Some drugs used to treat MS and its symptoms might also have an impact on in-water safety, so best discuss any new medications with a dive doc before jetting off. Have a great trip.
I am aged 59 and have been receiving treatment as a Parkinson's patient for the last 18 years. The disease is fairly well controlled. I have always fancied taking up diving but thought that the Parkinson's Disease would rule it out. Talking with a friend today he mentioned you and suggested I ask the question. So here it is: "Would I be allowed to train and qualify for scuba diving?"

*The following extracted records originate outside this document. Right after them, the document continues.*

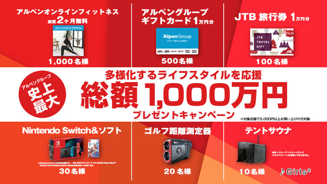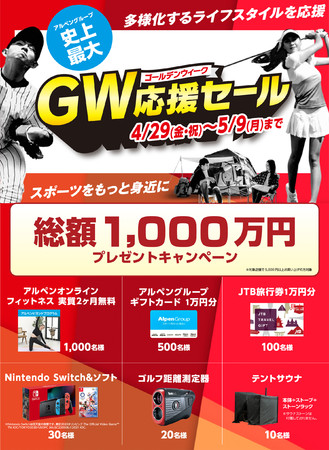 あわせて「スポーツをもっと身近に」のパーパスを実現すべく、昨今の多様化するライフスタイルを応援するために、GW期間限定の奉仕品の数々や各種企画をご用意するだけでなく、アルペングループとしても史上最大の総額1,000万円分のプレゼントキャンペーンを同時開催いたします。
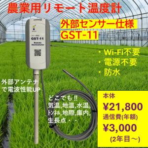 農業用リモート温度計 GST-11 外部センサ仕様(1年間の通信費込み/SIGFOX回線/防水/乾電池式) 遠くの畑やビニールハウスの温度をスマホで遠隔監視!
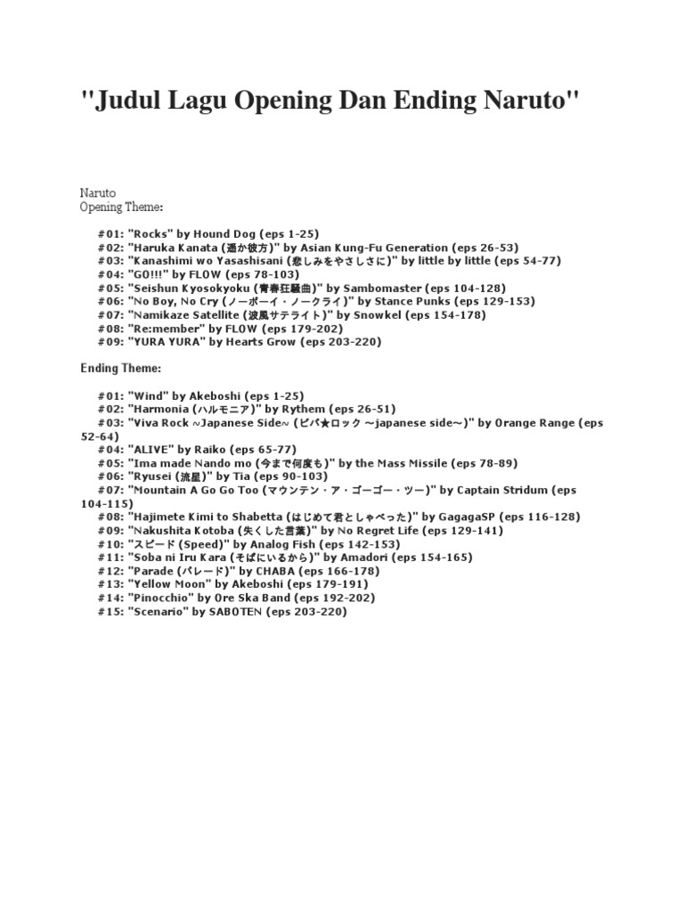 Kumpulan judul lagu opening naruto kecil 1. Selain itu sayapun menyediakan format rar khusus bagi kalian yang ingin mendownload seluruh lagunya secara otomatis dalam 1 kali klik. Bareng sama ending baru juga nihnih liriknya.
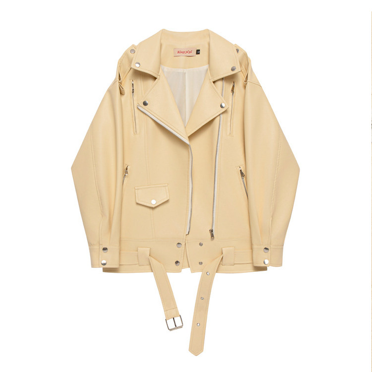 黑色中长款皮衣外套女春秋款韩版机车BF风皮衣外套夹克

This condition has such a broad range of presentations that the answer to your question is not easy. Parkinson’s is one of the “movement disorders”, and results from a loss of cells in the brain, particularly those that secrete a substance called dopamine. The lack of dopamine gives rise to the classic symptoms of impaired motor and speech skills. To dive or not to dive? As usual, it boils down to individualised assessment. Certainly in its early stages, the disease sometimes has very little noticeable effect, and there is no evidence that diving worsens or accelerates it. The potential problems I can envisage are several though. Firstly the physical: Parkinson’s is characterised by muscle rigidity, tremor and slowing of movements, often complicated by poor balance. Practical issues such as donning kit, water entry/exit and finning would become tricky. Secondly, cognitive disturbances: reaction time slows, procedural memory (so-called “how to” knowledge, that used when performing skills) is impaired, and later dementia occurs, with hallucinations, delusions and paranoia developing. Thirdly, medication: the main drug used to treat Parkinson’s is called Levodopa, which attempts to replace the lost dopamine in the brain. It can cause dizziness, confusion and visual disturbances. Several other medicines used to potentiate or control side effects of Levodopa may have their own adverse effects too. All a bit of a worry.
So there are lots of possible hurdles, but I would never give an outright “no” without seeing a patient first. It would be unfair to deprive an individual with mild and manageable symptoms of the pleasures of diving. If you want to take things further, come on in and we’ll see what we can do.